When he died, he had just taken early retirement from his chair in Indian religions at King’s College London, where he spent almost the whole of his career. He was looking forward to having the time at last to devote himself to several major academic projects, and making full use of his knowledge of Indian languages both classical and modern, unrivalled in this country and possibly anywhere in the world today.
Fred Hardy was born in the Rhineland. He was brought up by his mother, who was widowed at the end of the war. He showed an early interest in languages and scripts, and started his studies in Sanskrit in Cologne. In 1967 he came to Oxford University to read for a B.A. in Oriental Studies (Sanskrit and Prakrit). This was followed by a D.Phil., for which he was supervised by Prof. R.C. Zaehner. It was also at Oxford that he met his wife, the mathematician Aruna Gokhale.
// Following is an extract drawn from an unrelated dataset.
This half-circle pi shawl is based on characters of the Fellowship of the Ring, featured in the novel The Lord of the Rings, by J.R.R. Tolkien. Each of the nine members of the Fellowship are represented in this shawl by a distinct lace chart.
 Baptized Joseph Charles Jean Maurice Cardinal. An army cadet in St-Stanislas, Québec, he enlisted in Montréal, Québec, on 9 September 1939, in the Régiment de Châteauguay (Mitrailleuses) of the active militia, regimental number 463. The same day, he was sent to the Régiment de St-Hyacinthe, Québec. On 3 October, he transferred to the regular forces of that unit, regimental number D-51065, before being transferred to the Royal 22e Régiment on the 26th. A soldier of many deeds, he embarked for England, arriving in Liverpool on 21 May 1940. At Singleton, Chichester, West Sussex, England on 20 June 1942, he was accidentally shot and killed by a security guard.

For his doctoral research, Fred spent over a year in Tamilnadu, studying the classical language with local scholars and developing such empathy with his surroundings that when he returned to Britain he was speaking English with a strong Indian accent. The thesis traced through sources in Sanskrit, Prakrit and Tamil the origins of the extremely emotional devotionalism found in the Bhaagavata Puraa.na. It was 225,000 words long, which would not be allowed nowadays; for publication, though it contained no redundant verbiage, it had to be considerably shortened.
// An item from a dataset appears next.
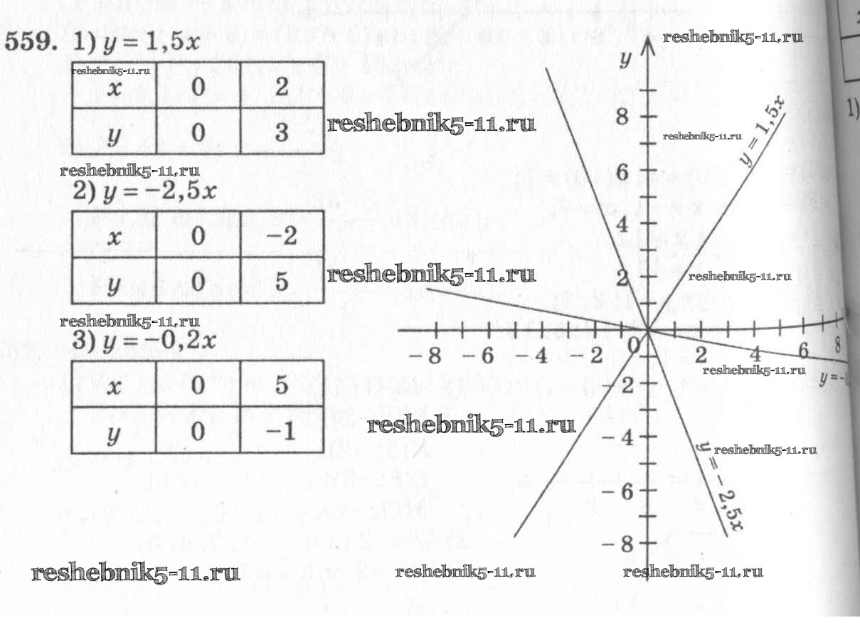 Готовая домашняя работа с ответами по Алгебре за 7 класс Колягин, Ткачёва, Федорова, Шабунин Учебник Просвещение 2014 ФГОС - §31. Функция y=kx и ее график 559

The book, Viraha-bhakti : the Early History of K.r.s.na Devotion in South India (1983) was not just massively learned: it contained a least two major discoveries. He showed that though Krishna is the object of devotion (bhakti) in the Bhagavad Giitaa, that bhakti sharply differs from the later form of bhakti, which is highly emotional; the later form blends Tamil worship of the god Mayon with the literary tradition for depicting passion for an absent lover. In the Tamil poems of the Alwars, Vaishnava saints, the devotee is condemned to play the part of the lover who can only at rare moments fuse with God, the beloved.
Fred was also able to demonstrate not merely that the Bhaagavata Puraa.na was heavily influenced by Tamil religious literature, but that some of its most famous and beautiful poetry is simply a translation into Sanskrit of Tamil originals. Thus Fred’s work will forever be fundamental to the study of how Hinduism developed. He also showed in subsequent publications how Tamil devotionalism gradually spread to North India and laid the ground for the later bhakti of Caitanya.
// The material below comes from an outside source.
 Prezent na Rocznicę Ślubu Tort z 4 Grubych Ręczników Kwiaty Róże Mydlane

At King’s Fred taught across the whole range of religions indigenous to India and was as knowledgeable about Jainism and Buddhism as he was about Vaishnavism, even though he published comparatively little about them. His encyclopaedic knowledge made him an excellent editor of a general companion to Indian religion, The World's Religions: the Religions of Asia (1990). But it was shown to best effect when he was invited to give the Wilde Lectures on Comparative Religion at Oxford. The 24 lectures, spread over 3 years, were later published as The Religious Culture of India: Power, Love and Wisdom, 1994. It is probably its size that has prevented this book from gaining the recognition it deserves. It shows Hardy entertaining and enlightening his audience with his vast knowledge of literature both Indian and western. It also shows how he insisted on retaining his own intellectual style: he utterly despised jargon and academic fashions, just as the comparatively slow rate of production of his latter years was probably due to his revulsion from “publish or perish” and the world of Research Assessment Exercises. He refused to engage in any kind of reductionist analysis and always gloried in the richness of human diversity.